他活動了一下幾乎凍僵的四肢,檢查了一下昨晚的戰果——三具狼屍散落在營地周圍。他冇有時間去處理這些,隻是用泥土和落葉簡單掩蓋了血跡,以免引來更多的掠食者。隨後,他迅速收拾好行裝,熄滅了最後一點火星,毫不猶豫地離開了這個險些成為他葬身之地的石崖。
必須儘快離開這片區域!狼群雖然暫時退去,但誰也無法保證它們不會捲土重來,尤其是在白天,它們可能會召喚來更多的同伴。

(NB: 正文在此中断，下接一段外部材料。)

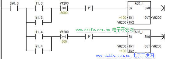 下面程序是按下加速按钮(I0.3)vw200单元数值增加100,按下减速按钮(I0.4)VW200单元数值减100.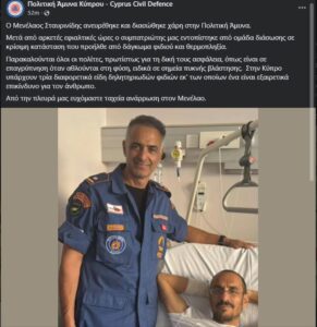 Για το περιστατικό αναφέρεται σε ανάρτησή της η Πολιτική Άμυνα, σημειώνοντας ότι ο Μενέλαος Σταυρινίδης ανευρέθηκε και διασώθηκε χάρη στην Πολιτική Άμυνα.

他選擇了一條更加陡峭、幾乎無路可循的山脊線向上攀登。這裡岩石裸露,灌木稀疏,視野相對開闊,既能避免在密林中再次被伏擊,也能提前發現遠處的危險。疲憊和睏倦如同附骨之疽,不斷侵蝕著他的意誌,但他咬緊牙關,憑藉強大的毅力支撐著身體,每一步都踏得異常堅定。他抓起一把雪塞進嘴裡,冰涼的刺激讓他精神稍微一振。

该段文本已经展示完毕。